# how long does it take you to complete a piece of work?



## skylight (Oct 2, 2019)

Hi everyone, I am doing a project for statistics class and I decided to incorporate my hobby of watercoloring into it! The idea is to see if there is a trend in how long you have been watercoloring and how long it takes for you to complete a piece of work.

(i hope the mods allow url's) here is the link: https://forms.gle/63cvEzY4f2jhdS1UA 

At the end you can see everyone else's responses as well. Thanks for participating.


----------



## Scott R Nelson (Jun 26, 2013)

I filled out the survey, but don't expect my answers to be of any value to you.

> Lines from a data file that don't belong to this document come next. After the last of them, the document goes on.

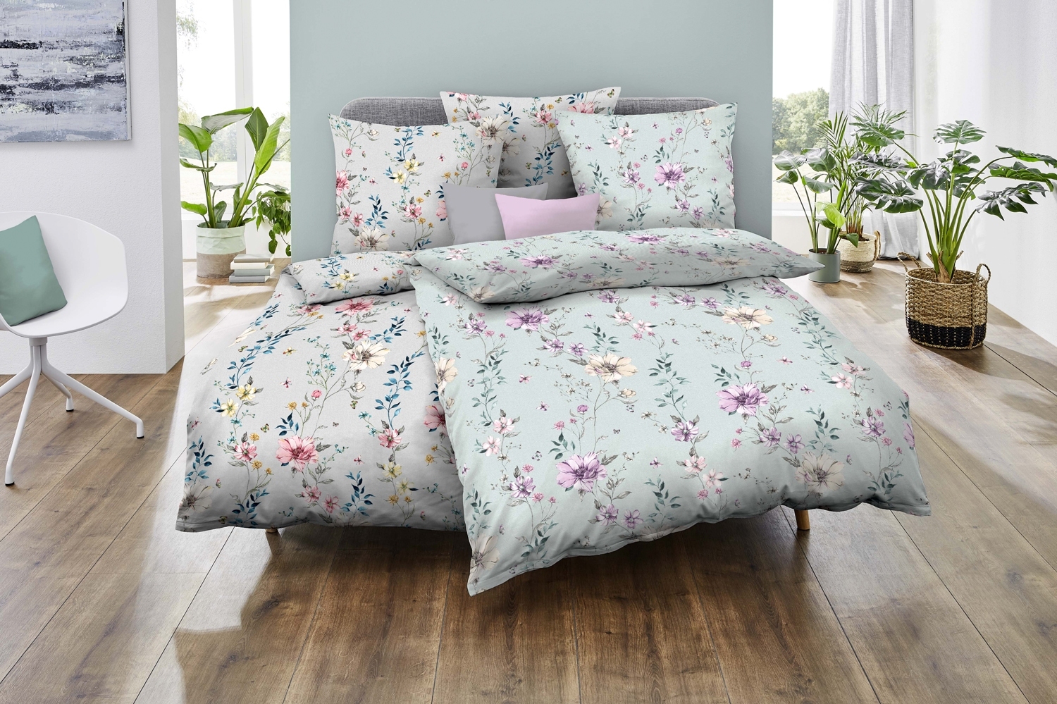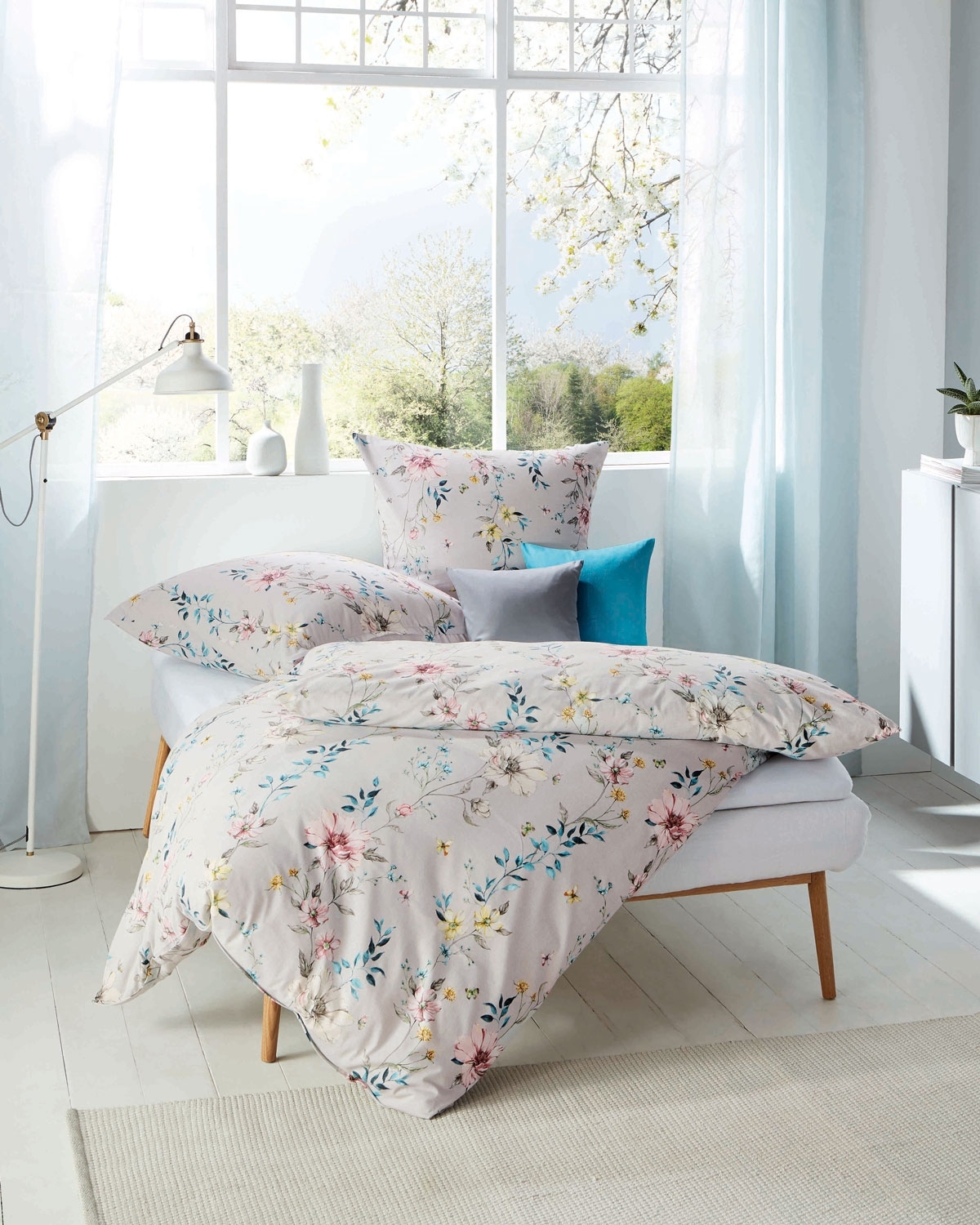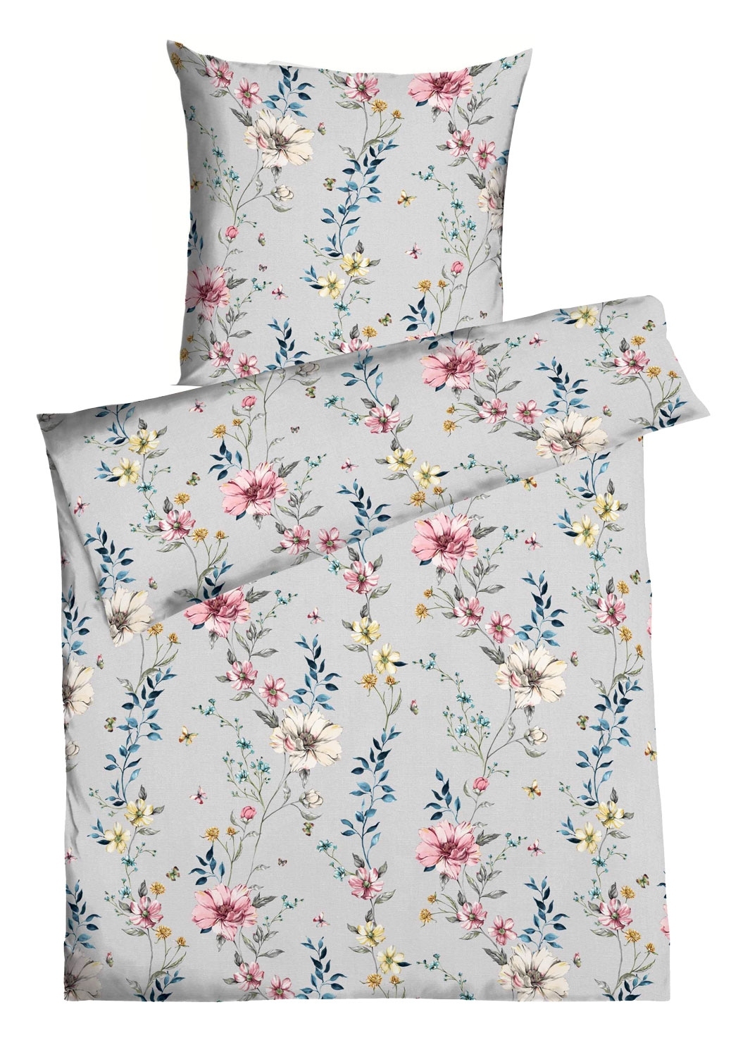 Die Satin-Bettwäsche FLAVIA von kaeppel in Silbergrau, Blau und Rosa bietet mit 135 x 200 cm ultimativen Komfort. Hergestellt aus 100 % Baumwolle, ist sie mit einem Reißverschluss ausgestattet. Pflegeleicht bei 60 °C waschbar und trocknergeeignet. Die Bettwäsche mit floralem Muster ist eine praktische und stilvolle Ergänzung für jedes Schlafzimmer.
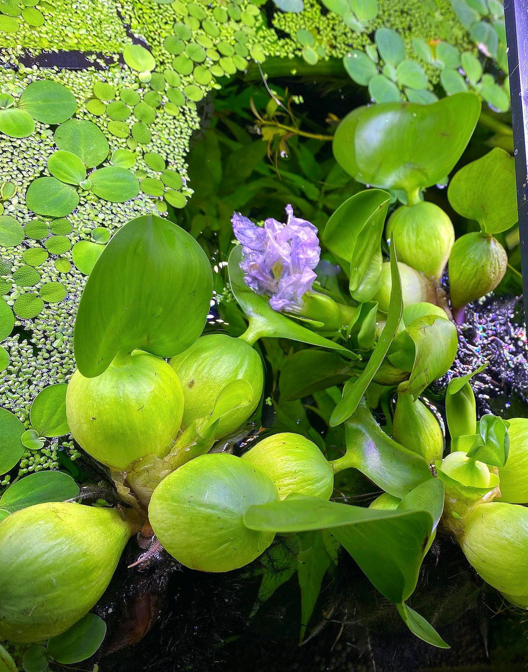 Transform your Aquarium (or pond) with Water Hyacinths. This is the perfect floating plant that add a splash of vibrant green and stunning purple blooms. These charming little plants not only enhance your aquatic space but also help improve water quality by absorbing excess nutrients. Easy to care for and fast-growing, they create a natural habitat for fish and wildlife while providing shade and shelter. Bring a touch of nature‘s beauty to your water features and watch your aquatic ecosystem thrive!
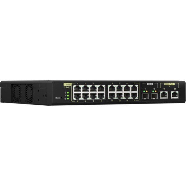The QNAP QSW-M2116P-2T2S is an L2 PoE managed switch with sixteen 30 watt 2.5GbE PoE+ ports, two 90 watt 10GbE PoE++ ports. With a total power budget of 280 watts and two 10GbE SFP+ ports, the QSW-M2116P-2T2S not only enables a high-speed and high-power PoE network infrastructure for Wi-Fi 6 access points and routers, but also offers backbone network uplink functions. QSS, the QNAP Switch System with a user-friendly web interface, helps IT administrators efficiently control Layer-2 and PoE networks, including wireless APs, IP cameras and digital signage, core switches and servers. The QSW-M2116P-2T2S provides SMEs with a cost-optimized and centrally managed LAN deployment solution.
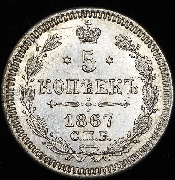 5 копеек 1867 СПБ-НI
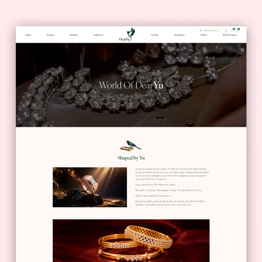 We designed a visually engaging and emotionally driven website that reflects DearYu’s brand identity while ensuring a smooth and intuitive shopping experience. The content and layout were structured to highlight personalization, guide users effortlessly through product discovery, and reinforce the brand’s emotional connection.

The fastest I've done a painting was four days working on it a few hours a day. But some have been in progress for years, waiting for me to get back to them. Sometimes life gets in the way of painting.


----------



## Kuverte (Jul 15, 2019)

That is not good question, as it depends on your skills, size of work, mood, motif... Usually it takes me about four or five hours. 
-------------------------------------------------------------------------------------------------------------------------
A day without a scrapbooking is a lost day. - Author Vabilo za krst


----------



## sidestory (Feb 4, 2020)

A 9x12 piece of Watercolor painting can take me a whole day. Given that I'm not doing any other thing that day.


----------